[Problem requirements]:
Write out the listing exactly, dropping any picture it contains.

- Opening Delimiter -

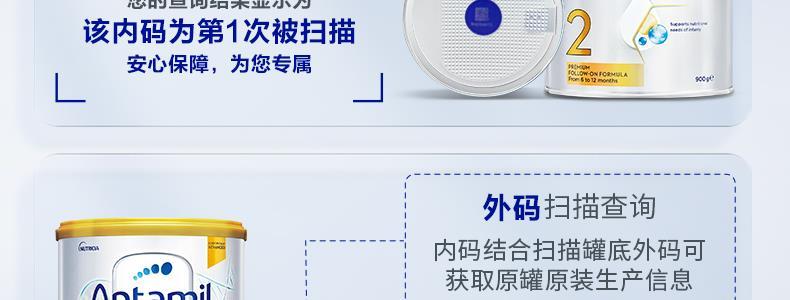 商品名称:保税区澳洲 爱他美(Aptamil)婴儿配方奶粉白金版 2段 900g 适合6个月以上
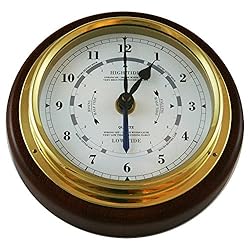 Ambient Weather 1434GU-22 Fischer Mahogany Wood and Brass Tide and Time Clock, 6-1/2″
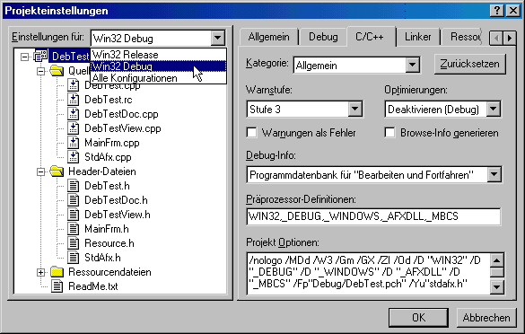 Sobald Sie ein neues Projekt anlegen, stehen sowohl die Release- als auch die Debug- Konfiguration zur Verfügung. Die beiden Modi erzeugen unterschiedlichen Objektcode. In der Konfiguration für den Debug-Modus entsteht ein großes und relativ langsames ausführbares Programm. Das hängt damit zusammen, daß eine Unmenge von Debugging-Informationen in das Programm eingebunden werden und alle Optimierungen des Compilers deaktiviert sind.
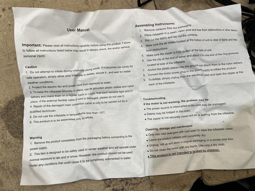 Crafted with high quality materials, it is perfect for outdoor use. The built-in air blower ensures effortless inflation. For quick storage, simply unzip and deflate. Ropes are also included for secure anchoring, bringing you peace of mind. Create a magical holiday display effortlessly with this delightful inflatable centerpiece!
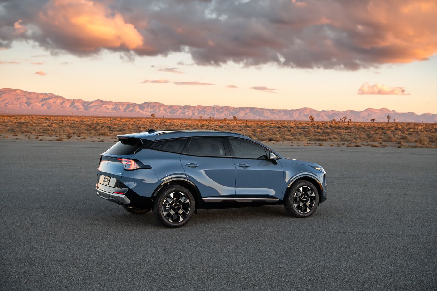The Sportage Hybrid uses a 1.6L turbocharged four-cylinder engine paired with a permanent magnet synchronous electric motor. The system produces 232 horsepower and 271 lb-ft of torque, routed through a six-speed automatic transmission to all four wheels. The 270-volt lithium-ion polymer battery charges during braking and coasting, allowing the electric motor to assist the gasoline engine during acceleration and highway cruising.
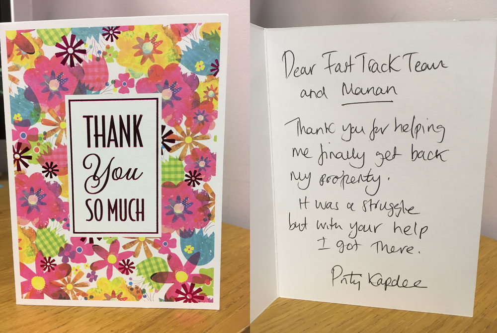 "This is a big thank you to Fast Track Evictions for their professional and quick service! We finally got the keys back today to our property. So after a good clean up we can now re-let the property. Once again thank you very much to you and your team."
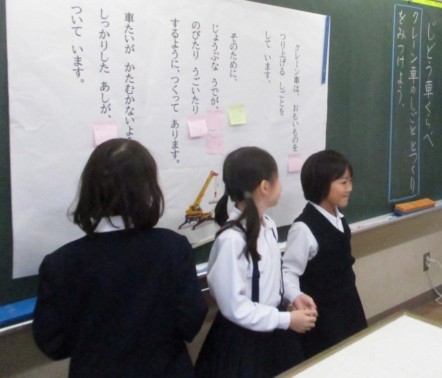 2組では、国語の時間にクレーン車の仕事とつくりについて考えを話し合い、まとめていました。
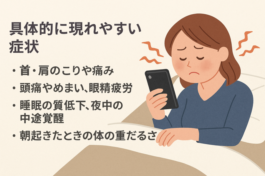 寝ながらスマホで首や肩を緊張させたまま眠ると、翌朝に体が重く感じやすくなります。これは筋肉のこりや血流不足によって疲労が回復しにくい状態が続いた結果だと考えられています。慢性的に続くと「寝ても疲れが取れない」と感じやすく、生活習慣の改善が求められるケースもあるようです。

- Closing Delimiter -

[Exercise output]:
 商品名称:保税区澳洲 爱他美(Aptamil)婴儿配方奶粉白金版 2段 900g 适合6个月以上
 Ambient Weather 1434GU-22 Fischer Mahogany Wood and Brass Tide and Time Clock, 6-1/2″
 Sobald Sie ein neues Projekt anlegen, stehen sowohl die Release- als auch die Debug- Konfiguration zur Verfügung. Die beiden Modi erzeugen unterschiedlichen Objektcode. In der Konfiguration für den Debug-Modus entsteht ein großes und relativ langsames ausführbares Programm. Das hängt damit zusammen, daß eine Unmenge von Debugging-Informationen in das Programm eingebunden werden und alle Optimierungen des Compilers deaktiviert sind.
 Crafted with high quality materials, it is perfect for outdoor use. The built-in air blower ensures effortless inflation. For quick storage, simply unzip and deflate. Ropes are also included for secure anchoring, bringing you peace of mind. Create a magical holiday display effortlessly with this delightful inflatable centerpiece!
The Sportage Hybrid uses a 1.6L turbocharged four-cylinder engine paired with a permanent magnet synchronous electric motor. The system produces 232 horsepower and 271 lb-ft of torque, routed through a six-speed automatic transmission to all four wheels. The 270-volt lithium-ion polymer battery charges during braking and coasting, allowing the electric motor to assist the gasoline engine during acceleration and highway cruising.
 "This is a big thank you to Fast Track Evictions for their professional and quick service! We finally got the keys back today to our property. So after a good clean up we can now re-let the property. Once again thank you very much to you and your team."
 2組では、国語の時間にクレーン車の仕事とつくりについて考えを話し合い、まとめていました。
 寝ながらスマホで首や肩を緊張させたまま眠ると、翌朝に体が重く感じやすくなります。これは筋肉のこりや血流不足によって疲労が回復しにくい状態が続いた結果だと考えられています。慢性的に続くと「寝ても疲れが取れない」と感じやすく、生活習慣の改善が求められるケースもあるようです。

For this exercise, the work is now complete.